WORK INSTRUCTION: Take the entries below and write them out exactly, with each picture removed.

DATA FOR ANALYSIS:
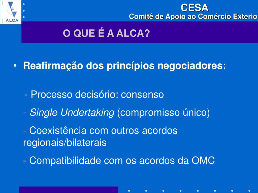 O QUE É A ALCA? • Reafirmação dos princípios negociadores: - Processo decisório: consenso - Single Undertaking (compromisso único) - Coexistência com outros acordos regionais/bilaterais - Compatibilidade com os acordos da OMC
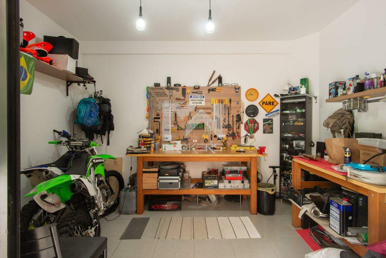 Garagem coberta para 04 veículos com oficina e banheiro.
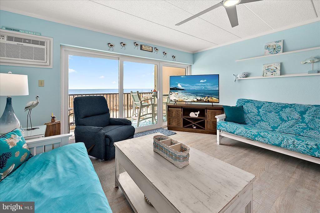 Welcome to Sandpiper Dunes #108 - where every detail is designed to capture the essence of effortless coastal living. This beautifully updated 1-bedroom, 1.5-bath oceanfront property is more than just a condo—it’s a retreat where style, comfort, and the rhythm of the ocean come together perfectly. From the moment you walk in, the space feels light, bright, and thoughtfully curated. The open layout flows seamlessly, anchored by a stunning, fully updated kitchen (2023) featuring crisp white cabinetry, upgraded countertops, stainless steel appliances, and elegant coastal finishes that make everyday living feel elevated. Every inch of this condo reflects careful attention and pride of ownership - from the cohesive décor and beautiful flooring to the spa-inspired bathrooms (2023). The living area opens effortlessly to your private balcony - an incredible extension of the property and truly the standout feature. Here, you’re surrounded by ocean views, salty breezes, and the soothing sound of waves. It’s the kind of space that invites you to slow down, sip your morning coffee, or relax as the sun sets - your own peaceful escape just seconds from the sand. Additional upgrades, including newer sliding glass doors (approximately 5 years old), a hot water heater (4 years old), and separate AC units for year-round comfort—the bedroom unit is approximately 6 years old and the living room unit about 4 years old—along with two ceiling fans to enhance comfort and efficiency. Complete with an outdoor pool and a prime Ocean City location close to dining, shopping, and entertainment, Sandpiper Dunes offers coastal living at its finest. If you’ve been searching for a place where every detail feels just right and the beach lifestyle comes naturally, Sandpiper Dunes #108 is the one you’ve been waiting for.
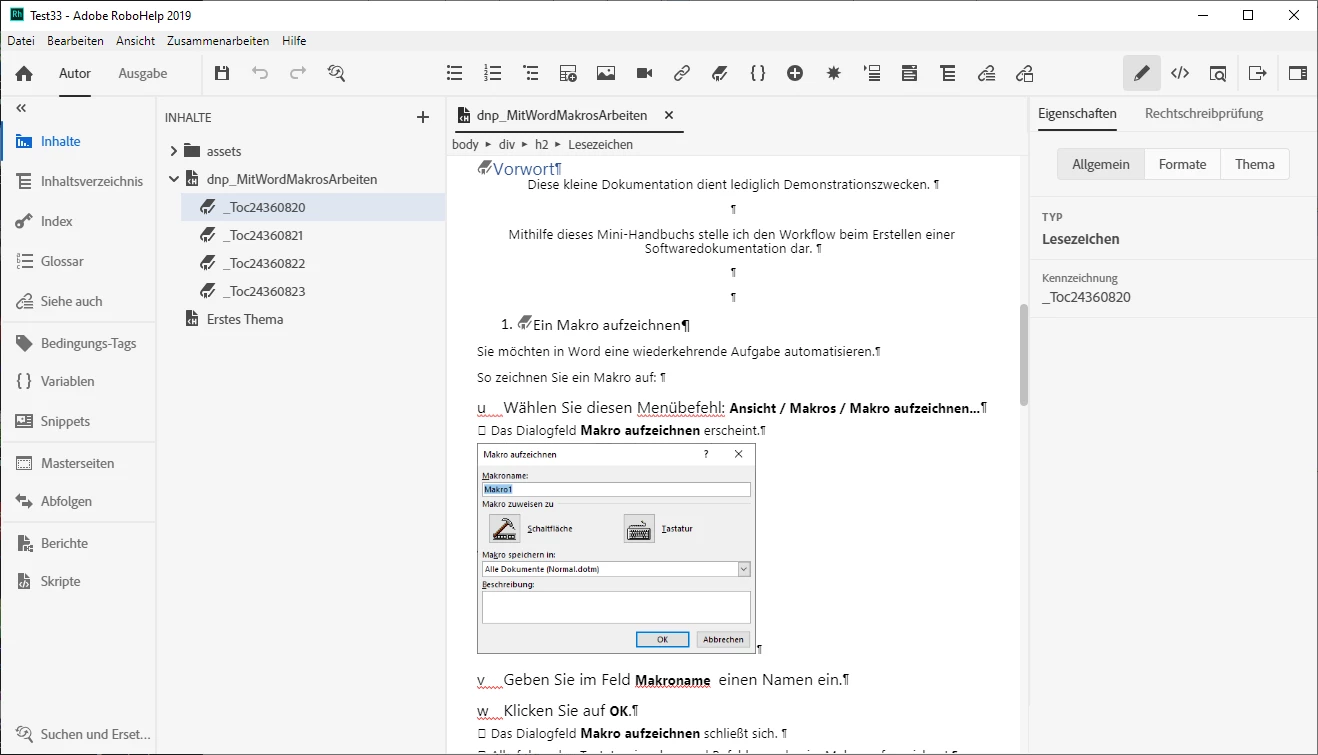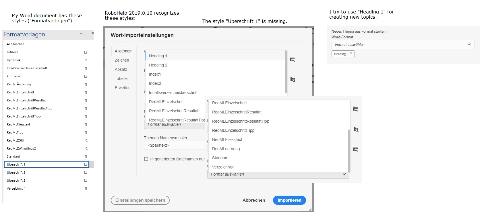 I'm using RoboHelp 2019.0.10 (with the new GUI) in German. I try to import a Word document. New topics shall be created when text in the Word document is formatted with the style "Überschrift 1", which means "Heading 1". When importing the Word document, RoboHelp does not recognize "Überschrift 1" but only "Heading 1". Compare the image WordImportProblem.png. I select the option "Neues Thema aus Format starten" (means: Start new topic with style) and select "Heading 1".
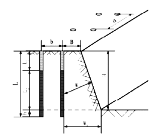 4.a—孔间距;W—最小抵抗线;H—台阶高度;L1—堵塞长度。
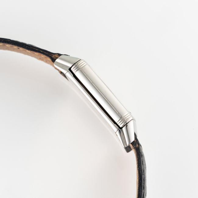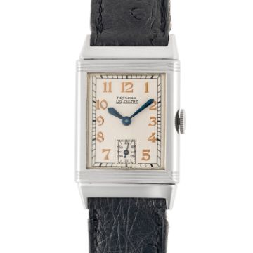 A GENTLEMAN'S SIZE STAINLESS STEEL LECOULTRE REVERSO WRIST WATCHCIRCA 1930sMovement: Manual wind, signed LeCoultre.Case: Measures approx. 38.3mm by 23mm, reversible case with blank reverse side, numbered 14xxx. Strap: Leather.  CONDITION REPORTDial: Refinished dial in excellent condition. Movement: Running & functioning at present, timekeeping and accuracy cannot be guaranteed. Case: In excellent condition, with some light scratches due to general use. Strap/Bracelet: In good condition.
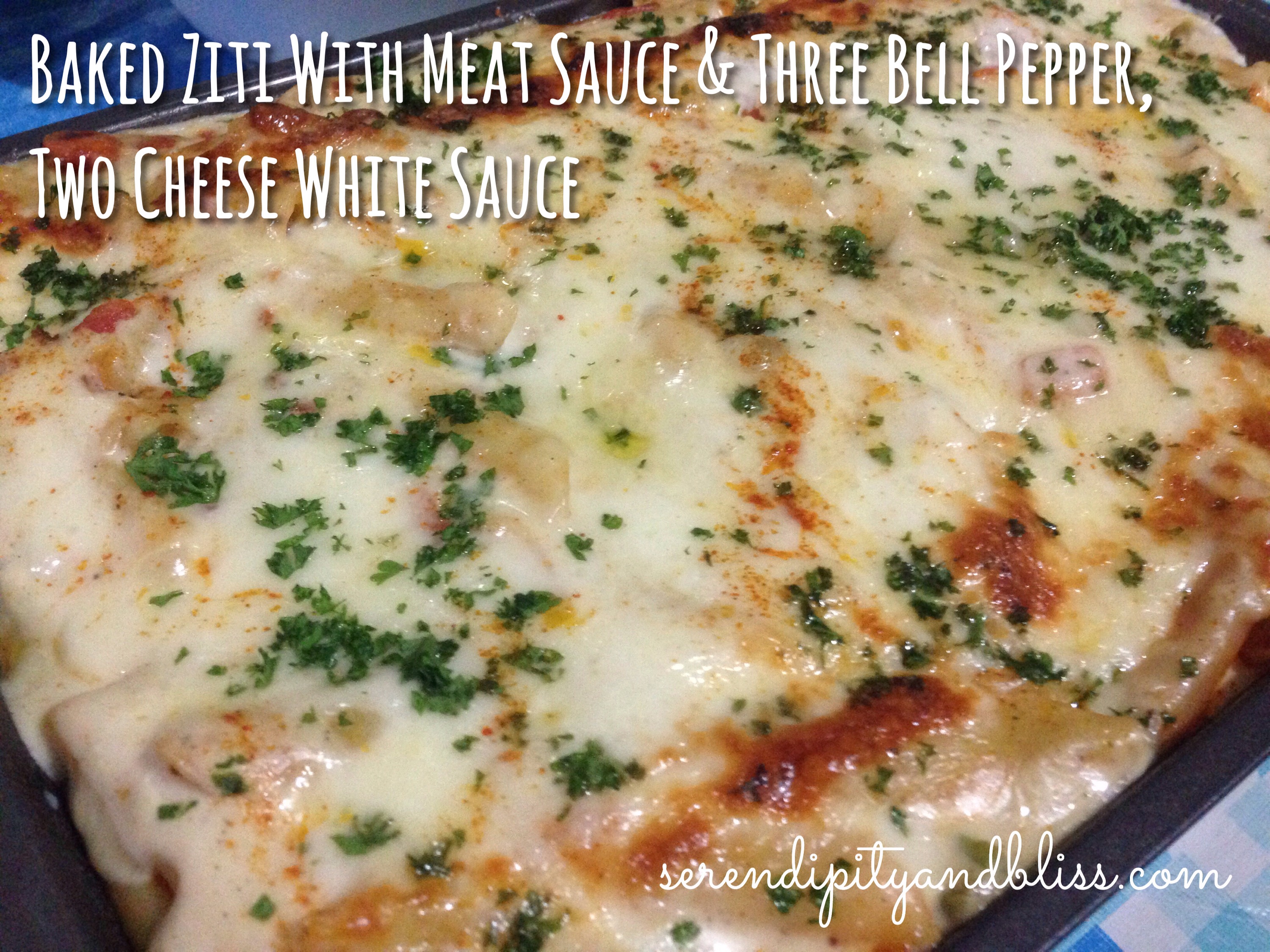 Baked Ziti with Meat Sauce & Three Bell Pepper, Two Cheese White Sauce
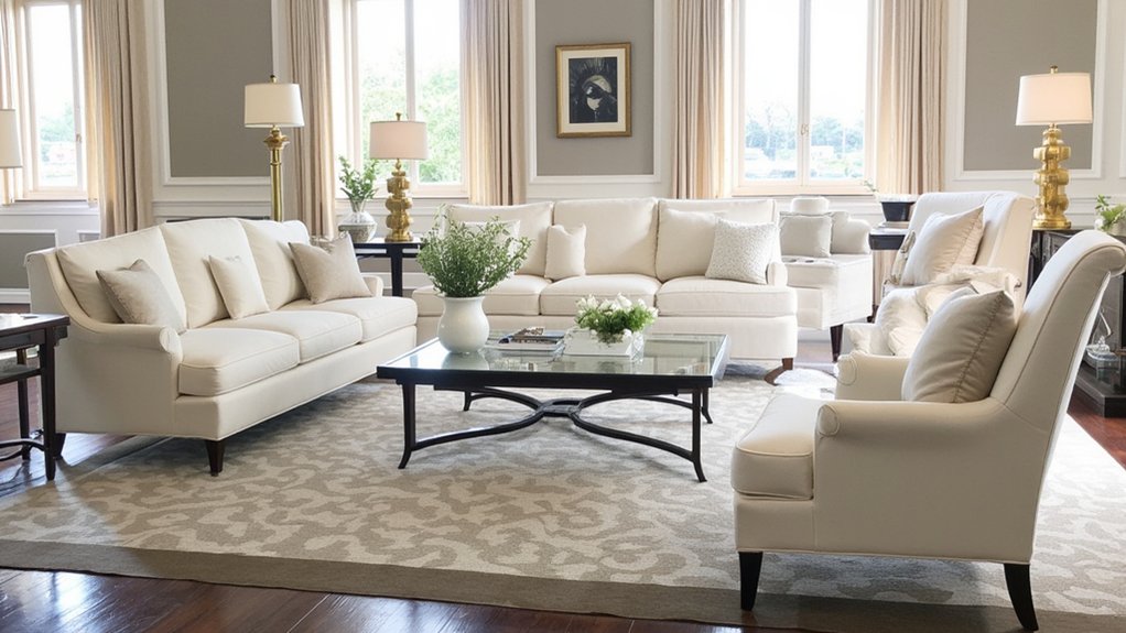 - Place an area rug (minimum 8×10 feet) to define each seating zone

TASK SOLUTION:
 O QUE É A ALCA? • Reafirmação dos princípios negociadores: - Processo decisório: consenso - Single Undertaking (compromisso único) - Coexistência com outros acordos regionais/bilaterais - Compatibilidade com os acordos da OMC
 Garagem coberta para 04 veículos com oficina e banheiro.
 Welcome to Sandpiper Dunes #108 - where every detail is designed to capture the essence of effortless coastal living. This beautifully updated 1-bedroom, 1.5-bath oceanfront property is more than just a condo—it’s a retreat where style, comfort, and the rhythm of the ocean come together perfectly. From the moment you walk in, the space feels light, bright, and thoughtfully curated. The open layout flows seamlessly, anchored by a stunning, fully updated kitchen (2023) featuring crisp white cabinetry, upgraded countertops, stainless steel appliances, and elegant coastal finishes that make everyday living feel elevated. Every inch of this condo reflects careful attention and pride of ownership - from the cohesive décor and beautiful flooring to the spa-inspired bathrooms (2023). The living area opens effortlessly to your private balcony - an incredible extension of the property and truly the standout feature. Here, you’re surrounded by ocean views, salty breezes, and the soothing sound of waves. It’s the kind of space that invites you to slow down, sip your morning coffee, or relax as the sun sets - your own peaceful escape just seconds from the sand. Additional upgrades, including newer sliding glass doors (approximately 5 years old), a hot water heater (4 years old), and separate AC units for year-round comfort—the bedroom unit is approximately 6 years old and the living room unit about 4 years old—along with two ceiling fans to enhance comfort and efficiency. Complete with an outdoor pool and a prime Ocean City location close to dining, shopping, and entertainment, Sandpiper Dunes offers coastal living at its finest. If you’ve been searching for a place where every detail feels just right and the beach lifestyle comes naturally, Sandpiper Dunes #108 is the one you’ve been waiting for.
 I'm using RoboHelp 2019.0.10 (with the new GUI) in German. I try to import a Word document. New topics shall be created when text in the Word document is formatted with the style "Überschrift 1", which means "Heading 1". When importing the Word document, RoboHelp does not recognize "Überschrift 1" but only "Heading 1". Compare the image WordImportProblem.png. I select the option "Neues Thema aus Format starten" (means: Start new topic with style) and select "Heading 1".
 4.a—孔间距;W—最小抵抗线;H—台阶高度;L1—堵塞长度。
 A GENTLEMAN'S SIZE STAINLESS STEEL LECOULTRE REVERSO WRIST WATCHCIRCA 1930sMovement: Manual wind, signed LeCoultre.Case: Measures approx. 38.3mm by 23mm, reversible case with blank reverse side, numbered 14xxx. Strap: Leather.  CONDITION REPORTDial: Refinished dial in excellent condition. Movement: Running & functioning at present, timekeeping and accuracy cannot be guaranteed. Case: In excellent condition, with some light scratches due to general use. Strap/Bracelet: In good condition.
 Baked Ziti with Meat Sauce & Three Bell Pepper, Two Cheese White Sauce
 - Place an area rug (minimum 8×10 feet) to define each seating zone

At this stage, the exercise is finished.